The RBI's introduction of various bond purchases and repo auctions signals forthcoming easing, yet external pressures complicate India's monetary policy responses. The Indian rupee has depreciated over 3% since November, sitting at 86.6 per dollar, leading to significant liquidity concerns. Some experts believe this volatility may push the RBI to delay any rate cuts until April when they will have clearer visibility on liquidity and currency markets.

Rajeev Radhakrishnan, chief investment officer for fixed income at SBI Mutual Fund, argued, "A rate cut now will not have the desired impact as rates would not be effectively transmitted. We would need to establish neutral to surplus liquidity conditions for effective response from rates." Adding to this uncertainty, several investors suspect the RBI might reduce the Cash Reserve Ratio (CRR) again but remain hesitant due to recent liquidity-boosting strategies.

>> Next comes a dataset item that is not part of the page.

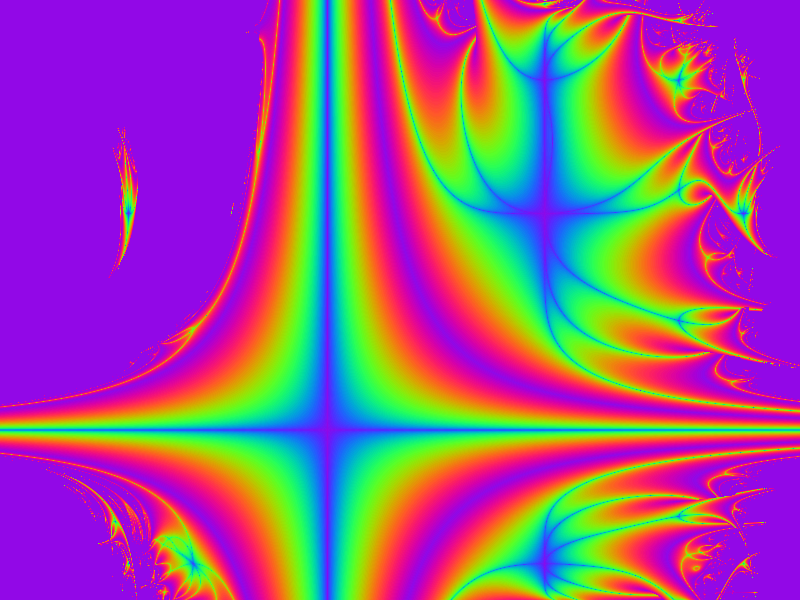 Lyapunov Fractal, made with Winfract 18.21.

Looking back at broader fiscal strategies, the recent Union Budget has presented the RBI with compounded challenges and opportunities. It emphasizes fiscal prudence without straying from growth initiatives. The infusion of Rs 1.5 trillion through various financial instruments is meant to address significant liquidity deficits, with the expectation of easing monitory policies post-budget.

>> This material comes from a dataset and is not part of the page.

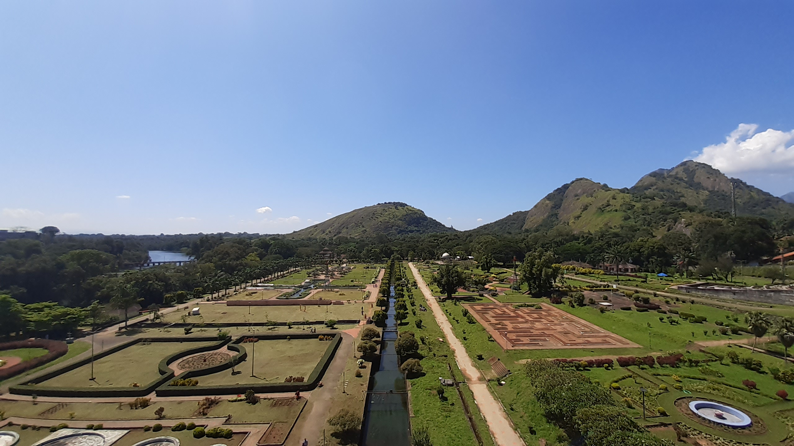 Malampuzha dam project is an irrigation project of Govt. of Kerala.

Meanwhile, global economic signals cannot be ignored; the Fed’s recent policy meeting and forthcoming decisions from the Bank of England aligned with easing sentiments, potentially increasing pressure on the RBI to follow suit. The Bank of England has announced plans for future rate adjustments, reflecting growing global trends toward monetary relaxation.

"The emphasis on managing both local and international economic environments can lead the RBI to take varied approaches," stated Tuhin Kanta Pandey, the finance secretary. He expressed the need for the Indian economy to align with the international narrative of easing rates as inflation decreases. He added, “Inflation is waning, both domestically and externally."

Despite prevailing challenges, such as geopolitical tensions affecting commodity prices, there remains optimism among economists and market participants. HSBC Global Research anticipates two rate cuts of 25 basis points each within the first half of 2025, noting, "Falling inflation rates, limited fiscal support, and easing growth likely necessitate monetary intervention."
While the pressure mounts for the RBI to cut rates, insights highlight its carefully balanced priorities between managing inflation and revitalizing growth amid fluctuative currency patterns. This delicate dance of fiscal responsibility and economic stability will undoubtedly shape the RBI's strategy and influence future market behaviors.

Looking forward, economic observers and stakeholders alike are holding their breath as the RBI stands on the brink of potentially transformative decisions for India's economic future.